Dans la journée du lundi 29 mai 2017, une rumeur a couru, insinuant qu’il se pourrait que l’irréparable se soit produit. Le lendemain, il a fallu pour moi et mes camarades de la CDS, envisager qu’il se pourrait que cela soit vrai : Valère nous a peut-être quittés ! Dans la nuit du 04 juin, mes compagnons et moi, la mort dans l’âme, avons accompagné le cercueil à domicile. Admis le 21 avril dans un hôpital de Metz (en France) pour des problèmes de santé, il avait subi une première intervention le vendredi 28 suivant, jugée satisfaisante. Lui-même avait pu nous rassurer depuis son hôpital. Hélas, de rechute en rechute, il a vu sa situation se dégrader graduellement jusqu’au seuil critique le 29 mai. Le jour suivant, dans la matinée, l’équipe de médecins actifs à son chevet s’est avouée vaincue. Ce furent les moments les plus douloureux de ma vie de militant politique. A l’occasion, un de nos camarades a pu écrire le poème suivant :

Au revoir Valère,

Aujourd’hui restera le souvenir

D’un jour cruel, qu’on n’a vu venir,

Et seuls sanglots, pleurs et larmes

Nous sont restés comme armes,

Face à la douleur

Prolongée, de l’heure.

Très affaibli et exténué,

Quelque chose t’avait diminué,

Mais tu ne laissais rien paraître

D’un finissant bien-être.

Chez toi, tu continuais à recevoir,

Sans jamais dire : « à nous revoir »,

Avec ton souriant « à demain »

Cachant un incertain lendemain.

Tu as su braver des moments très durs

Que seul l’homme stoïque endure,

Luttant jusqu’au bout,

Et toujours debout,

Egal à toi-même, inflexible,

D’un courage indicible.

Au revoir Valère, au revoir,

Pas adieu, car là-bas on va se revoir.

Mais déjà s’envole ta légende, sans vanité.

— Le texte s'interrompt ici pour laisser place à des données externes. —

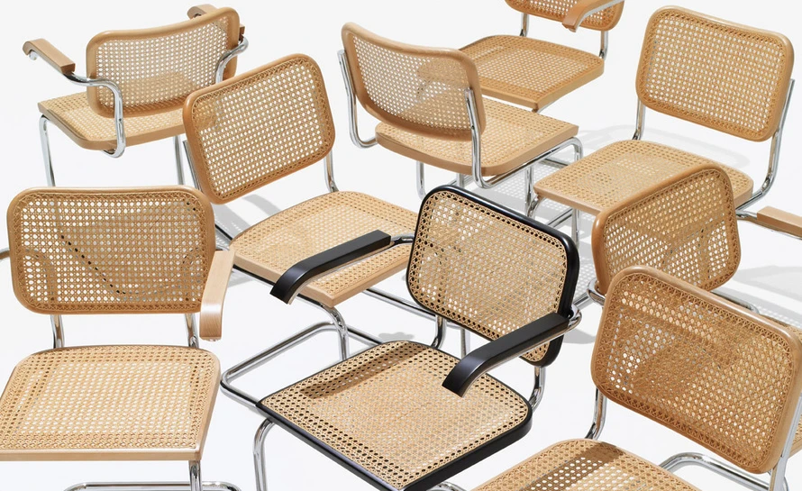 Marcel Breuer conceived the first tubular steel chair, in 1925, based on the tubed frame of a bicycle. His revolutionary Cesca chair, named after his daughter Francesca, marries user-friendly caning and hardwood Beech with the industrial-age aesthetic of cantilevered tubular steel. Functional, simple and distinctly modern. Knoll is the only authorized and licensed manufacturer of the Cesca chair. Marcel Breuer’s signature and Knoll studio logo are stamped into the base of each chair to verify authenticity.

Pour le Burkina, pour l’Histoire, pour l’Eternité.

« L’amorce d’apothéose » (post mortem) que lui consacrèrent ses amis et compagnons n’est que juste reconnaissance de l’engagement et l’action, l’œuvre politique, le legs à la postérité d’un grand homme, dont l’œuvre doit être poursuivie, selon les auteurs de l’ouvrage.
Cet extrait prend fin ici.